INPUT DATA:
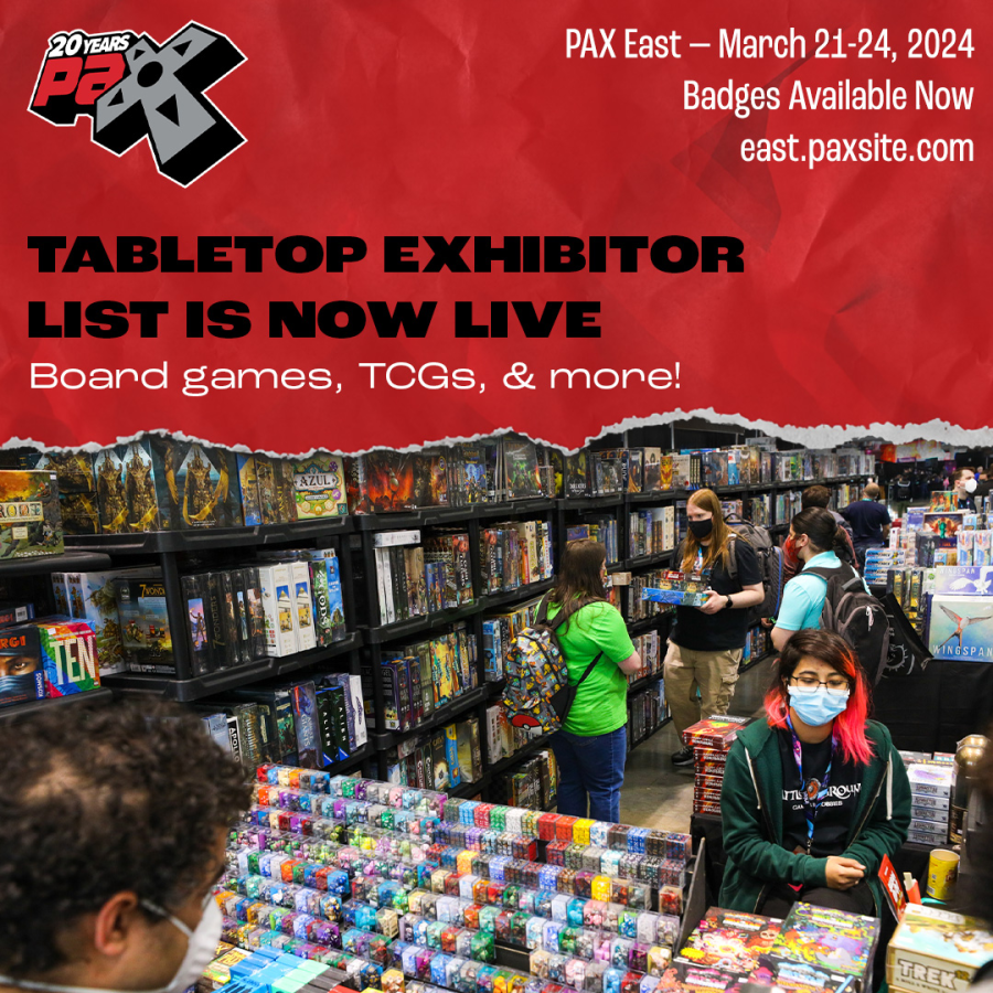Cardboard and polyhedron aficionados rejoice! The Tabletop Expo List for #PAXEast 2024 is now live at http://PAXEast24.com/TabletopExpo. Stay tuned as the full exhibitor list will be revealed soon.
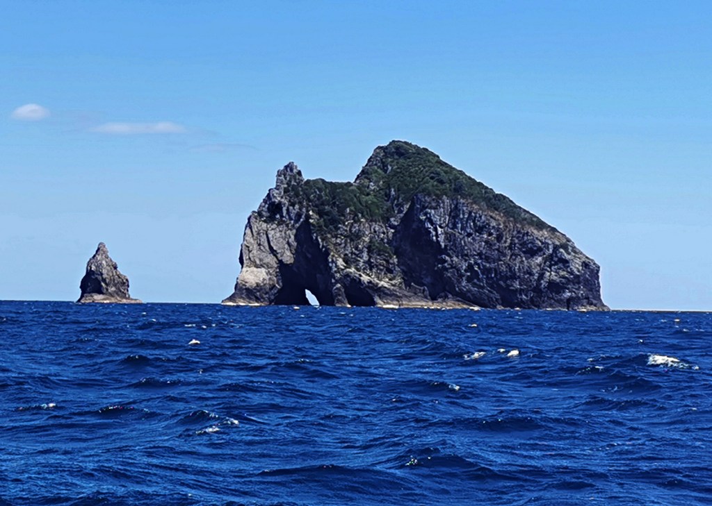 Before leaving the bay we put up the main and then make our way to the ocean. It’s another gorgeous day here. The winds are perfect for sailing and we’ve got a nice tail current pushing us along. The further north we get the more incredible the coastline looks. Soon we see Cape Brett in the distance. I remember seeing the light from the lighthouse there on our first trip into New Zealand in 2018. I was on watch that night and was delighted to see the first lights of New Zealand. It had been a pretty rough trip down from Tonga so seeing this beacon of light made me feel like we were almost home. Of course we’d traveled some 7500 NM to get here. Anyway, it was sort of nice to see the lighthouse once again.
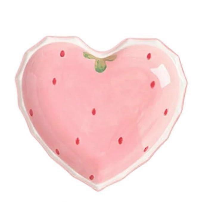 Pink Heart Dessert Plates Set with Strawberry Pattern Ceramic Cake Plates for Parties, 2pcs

TASK INSTRUCTIONS:
Set down, in exact form, only the lines that start at the one containing "Before leaving the" and finish at the last line of the material; pictures do not go in.

OUTPUT FOR THIS TASK:
 Before leaving the bay we put up the main and then make our way to the ocean. It’s another gorgeous day here. The winds are perfect for sailing and we’ve got a nice tail current pushing us along. The further north we get the more incredible the coastline looks. Soon we see Cape Brett in the distance. I remember seeing the light from the lighthouse there on our first trip into New Zealand in 2018. I was on watch that night and was delighted to see the first lights of New Zealand. It had been a pretty rough trip down from Tonga so seeing this beacon of light made me feel like we were almost home. Of course we’d traveled some 7500 NM to get here. Anyway, it was sort of nice to see the lighthouse once again.
 Pink Heart Dessert Plates Set with Strawberry Pattern Ceramic Cake Plates for Parties, 2pcs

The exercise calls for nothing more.